• _PROBLEM DESCRIPTION_
Beginning with the line that holds "with tiled flooring" and ending with the last line below, please copy every line exactly, add nothing, and leave out the pictures.

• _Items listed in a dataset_
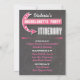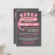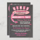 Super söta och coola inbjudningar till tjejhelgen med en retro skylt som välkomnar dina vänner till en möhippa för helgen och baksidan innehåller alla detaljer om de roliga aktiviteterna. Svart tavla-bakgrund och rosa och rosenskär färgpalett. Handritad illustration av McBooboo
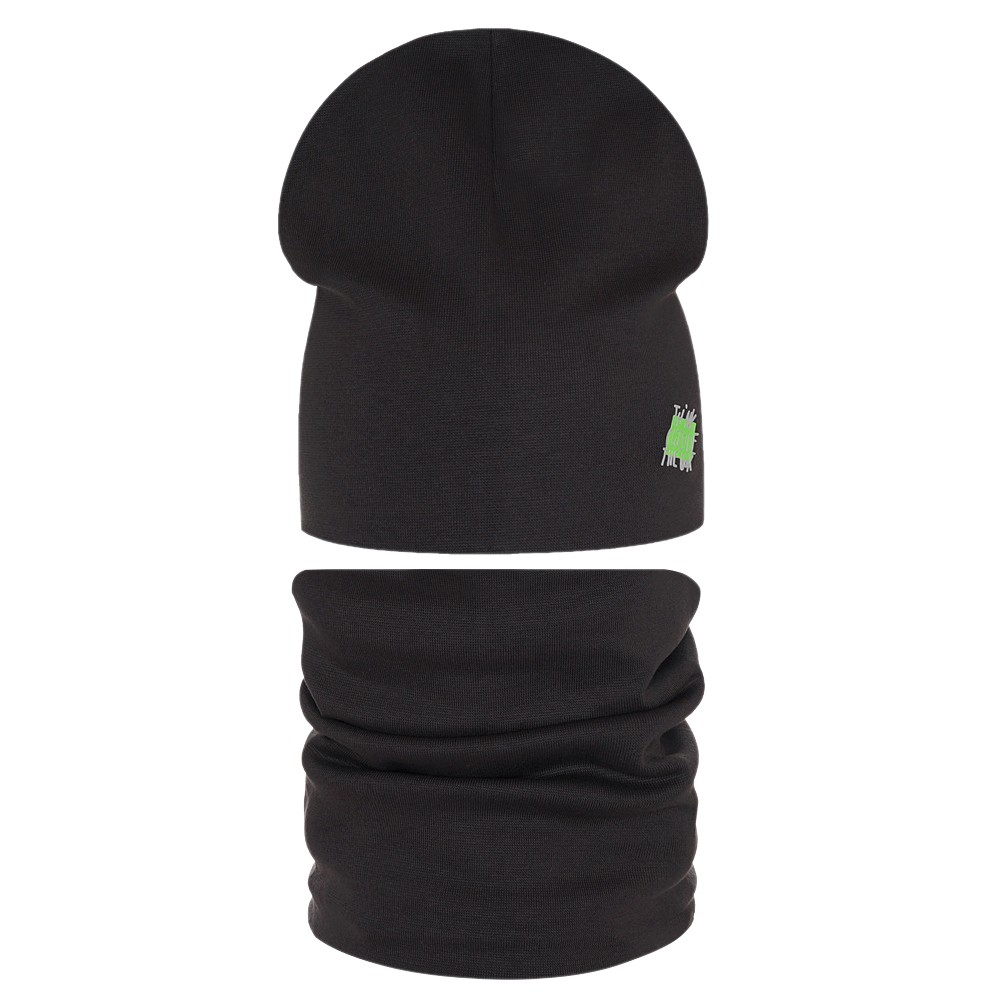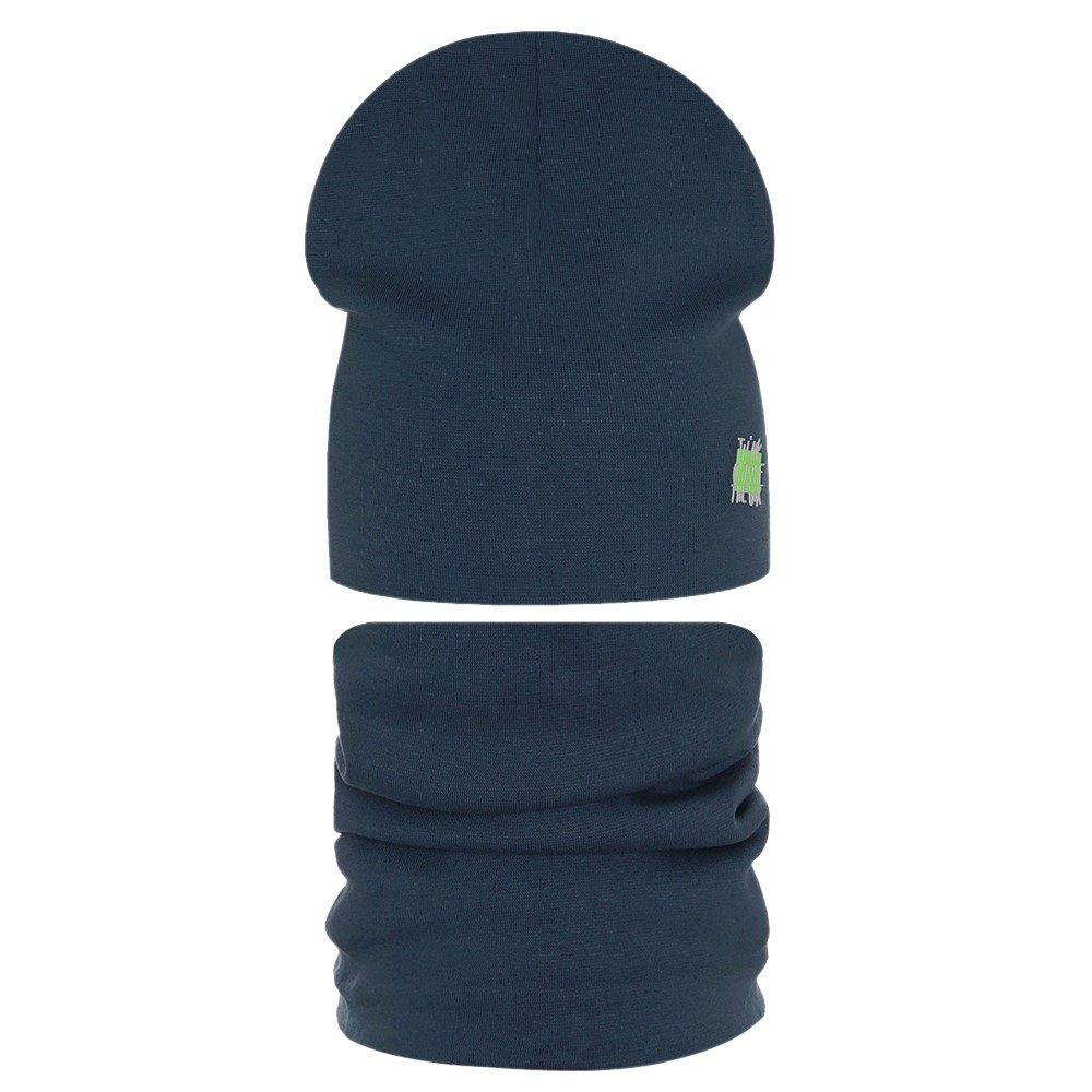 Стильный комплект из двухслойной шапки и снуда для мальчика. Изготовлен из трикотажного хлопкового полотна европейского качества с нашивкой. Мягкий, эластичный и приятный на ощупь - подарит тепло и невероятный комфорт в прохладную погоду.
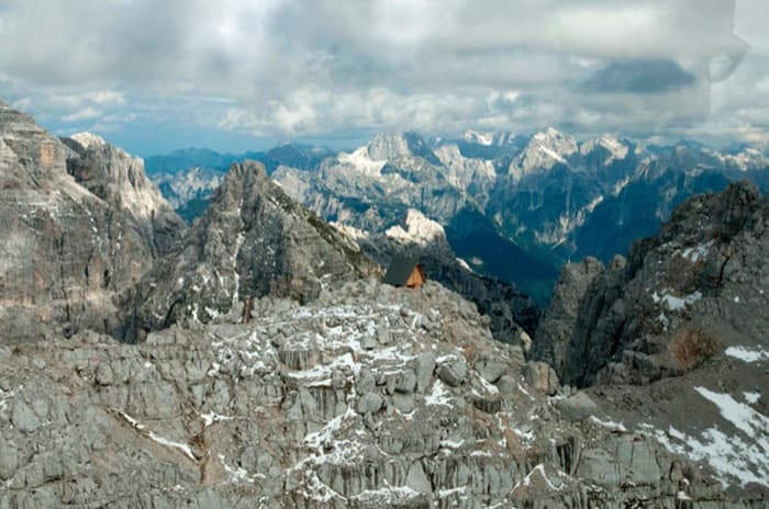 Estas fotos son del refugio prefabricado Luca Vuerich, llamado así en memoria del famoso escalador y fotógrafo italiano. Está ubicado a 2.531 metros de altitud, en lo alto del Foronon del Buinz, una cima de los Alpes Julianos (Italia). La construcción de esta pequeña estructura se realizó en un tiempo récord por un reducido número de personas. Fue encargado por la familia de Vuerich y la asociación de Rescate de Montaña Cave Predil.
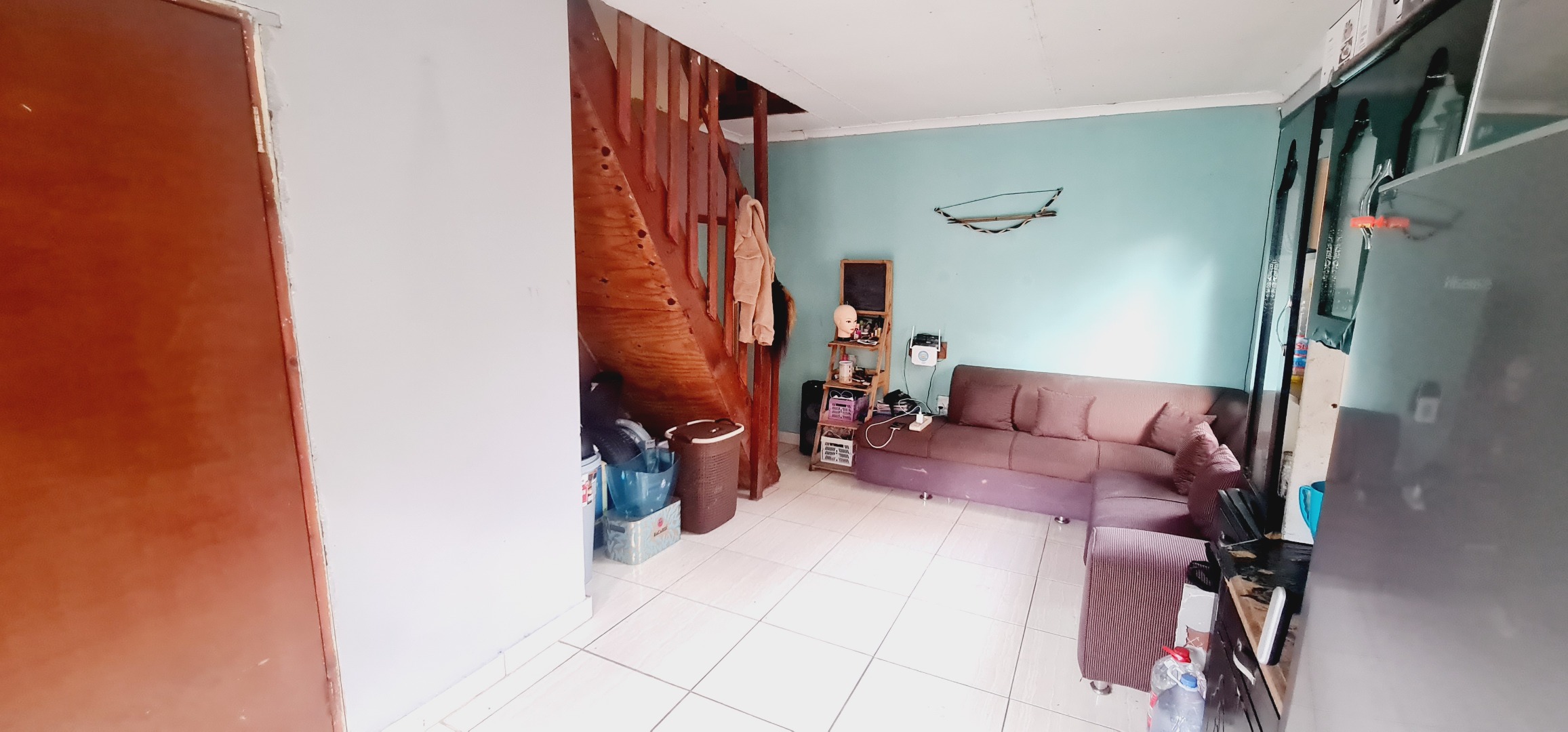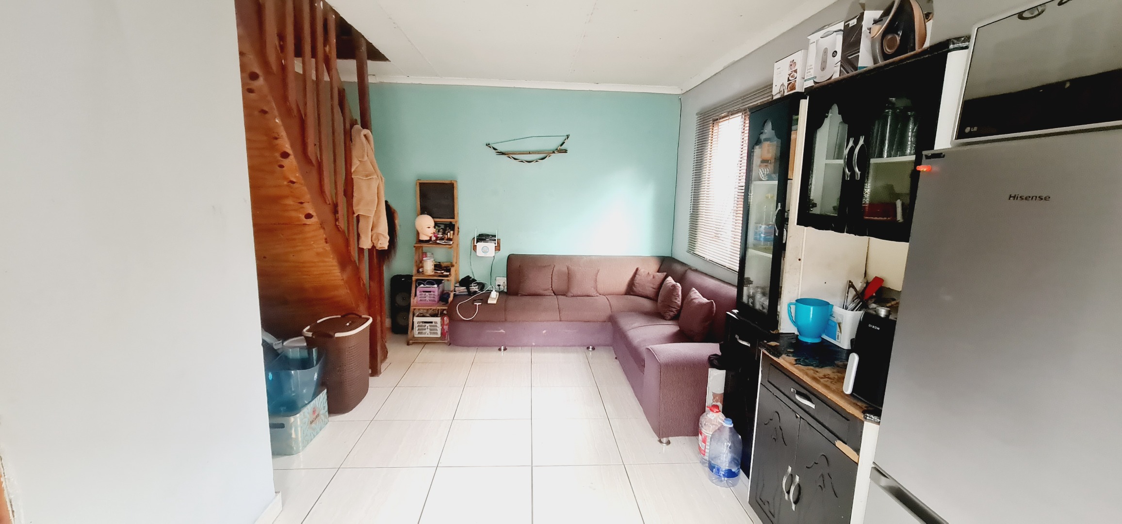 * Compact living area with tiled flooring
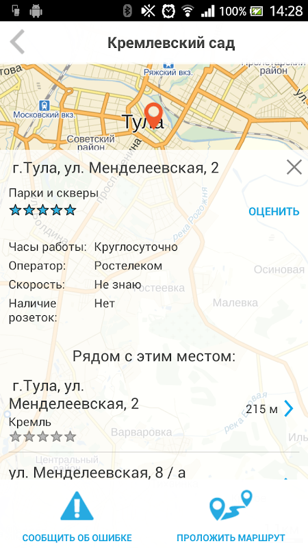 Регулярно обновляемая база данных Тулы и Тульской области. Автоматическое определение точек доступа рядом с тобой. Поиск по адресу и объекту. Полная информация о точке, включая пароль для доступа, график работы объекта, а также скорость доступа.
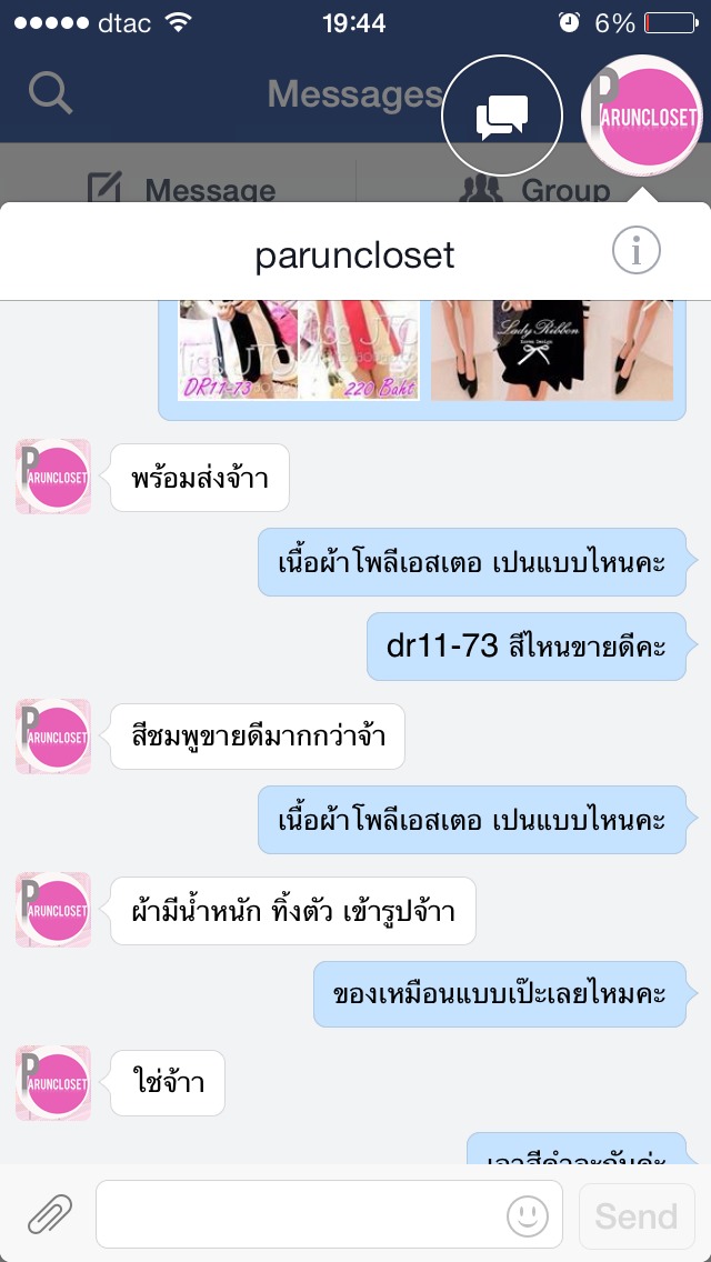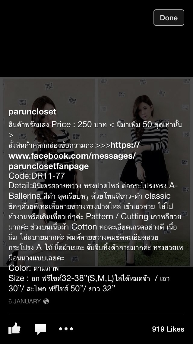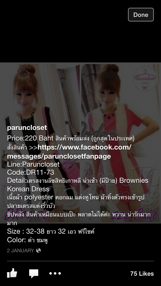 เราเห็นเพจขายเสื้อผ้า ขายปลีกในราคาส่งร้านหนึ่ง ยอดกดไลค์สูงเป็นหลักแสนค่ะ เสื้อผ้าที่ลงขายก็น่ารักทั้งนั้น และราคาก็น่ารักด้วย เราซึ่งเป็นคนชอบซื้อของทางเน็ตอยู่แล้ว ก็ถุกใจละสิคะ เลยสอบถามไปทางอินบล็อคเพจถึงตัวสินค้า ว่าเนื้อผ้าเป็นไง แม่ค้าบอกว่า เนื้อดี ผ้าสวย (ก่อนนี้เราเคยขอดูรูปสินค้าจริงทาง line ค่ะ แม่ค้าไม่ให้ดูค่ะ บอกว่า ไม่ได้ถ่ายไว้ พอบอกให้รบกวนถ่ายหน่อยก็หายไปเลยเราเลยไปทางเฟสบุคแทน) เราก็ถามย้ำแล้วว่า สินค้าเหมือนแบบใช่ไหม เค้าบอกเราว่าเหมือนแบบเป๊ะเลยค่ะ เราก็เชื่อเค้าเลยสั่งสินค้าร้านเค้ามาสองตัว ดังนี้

• _SOLUTION TO THIS EXERCISE_
 * Compact living area with tiled flooring
 Регулярно обновляемая база данных Тулы и Тульской области. Автоматическое определение точек доступа рядом с тобой. Поиск по адресу и объекту. Полная информация о точке, включая пароль для доступа, график работы объекта, а также скорость доступа.
 เราเห็นเพจขายเสื้อผ้า ขายปลีกในราคาส่งร้านหนึ่ง ยอดกดไลค์สูงเป็นหลักแสนค่ะ เสื้อผ้าที่ลงขายก็น่ารักทั้งนั้น และราคาก็น่ารักด้วย เราซึ่งเป็นคนชอบซื้อของทางเน็ตอยู่แล้ว ก็ถุกใจละสิคะ เลยสอบถามไปทางอินบล็อคเพจถึงตัวสินค้า ว่าเนื้อผ้าเป็นไง แม่ค้าบอกว่า เนื้อดี ผ้าสวย (ก่อนนี้เราเคยขอดูรูปสินค้าจริงทาง line ค่ะ แม่ค้าไม่ให้ดูค่ะ บอกว่า ไม่ได้ถ่ายไว้ พอบอกให้รบกวนถ่ายหน่อยก็หายไปเลยเราเลยไปทางเฟสบุคแทน) เราก็ถามย้ำแล้วว่า สินค้าเหมือนแบบใช่ไหม เค้าบอกเราว่าเหมือนแบบเป๊ะเลยค่ะ เราก็เชื่อเค้าเลยสั่งสินค้าร้านเค้ามาสองตัว ดังนี้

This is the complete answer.